For instance, we often make decisions about our government based on simple good or bad logic.

The algorithm for voting, for instance, is pretty simple: if A, then not B, where A is your party affiliation and B is the opposite party. In other words, we vote not based on issues, but party lines. It's simpler.

And we label people as liberals or conservatives, making it that much easier to agree with them or just write them off.

But the choices we need to make are so much more complex than this suggests. There are not just two mutually exclusive ideas for every issue. Instead there are gradations, nuances, shades and contradictions. But because of the way our political brains are wired, we miss out on them.

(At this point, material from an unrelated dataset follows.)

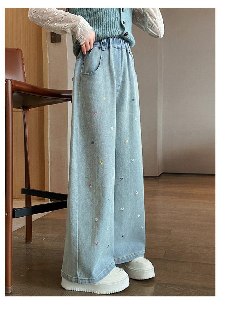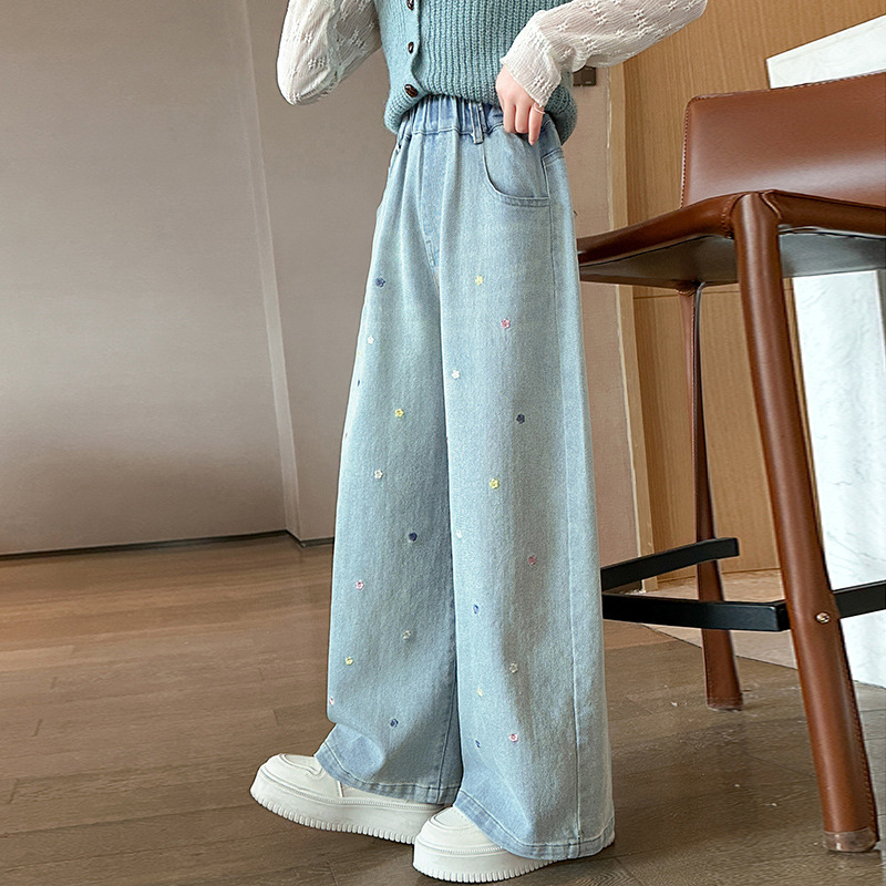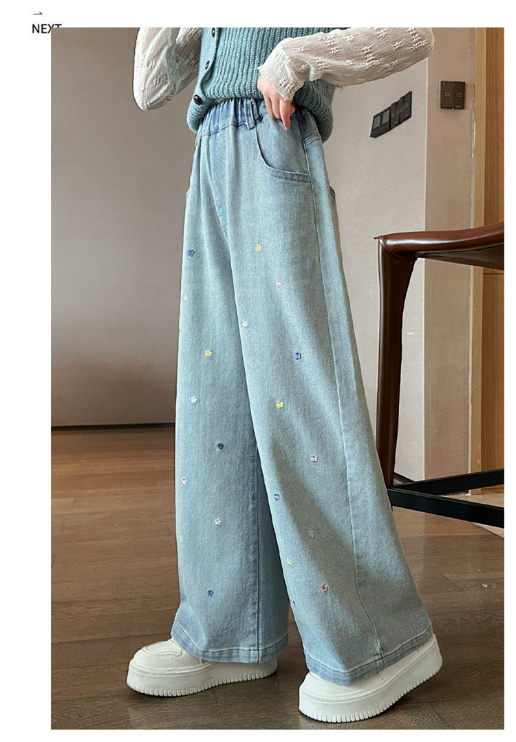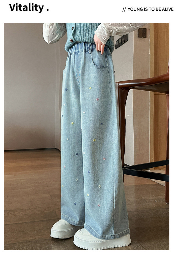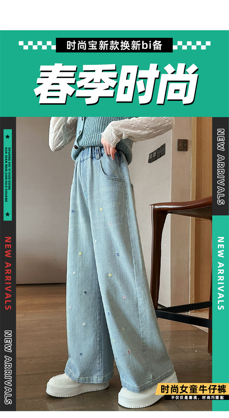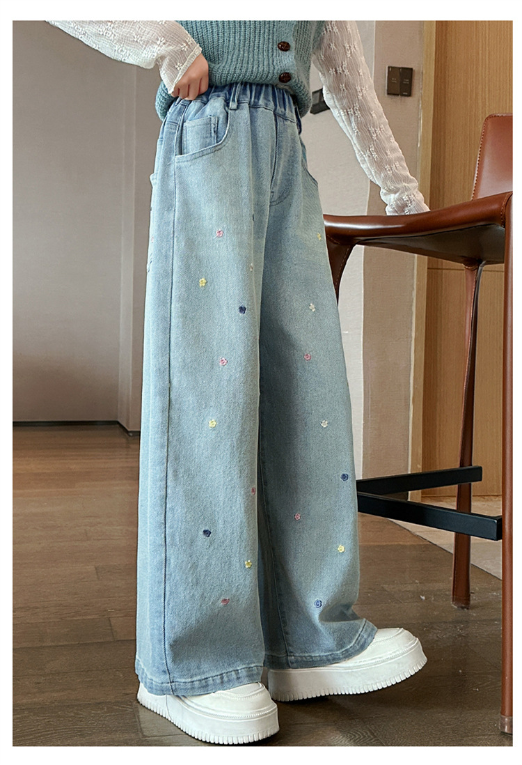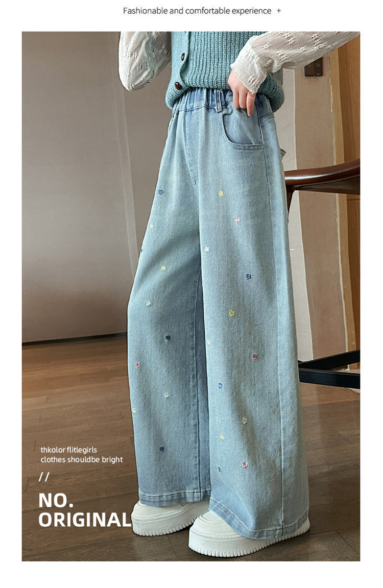 소녀 바지 봄과 가을 큰 어린이 서양식 스트레이트 레그 봄 청바지 인터넷 연예인 프라이드 스트리트 트렌디 쿨 봄 어린이 와이드 레그 바지
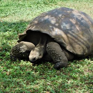 giant tortoise with long neck on desert area and the other is marine turtle who swim with you. It is said that Dr.Darwin found out his theory of evolution from these.

We miss out on the fact that Bush's Social Security plan may be a good idea or that John Kerry had a right and responsibility as a Vietnam veteran to protest the war when he returned from duty.

Our binary thought isn't only limited to election season, though, it also informs our everyday perceptions of people: are they intelligent or unintelligent, athletic or unathletic, attractive or unattractive, moral or immoral? If the answer to each of these questions isn't right, we might not talk to or get to know the person.

In general, we don't obtain truths or realities from any of the aformentioned examples, but get a crude caricature of the way things appear to be; that Bush is evil or that using a Mac is more difficult than trying to do calculus homework in a mirror.

Instead, we need to exit out of these mindsets and get better-rounded perspectives on issues. Then, we won't have to wait in line to print.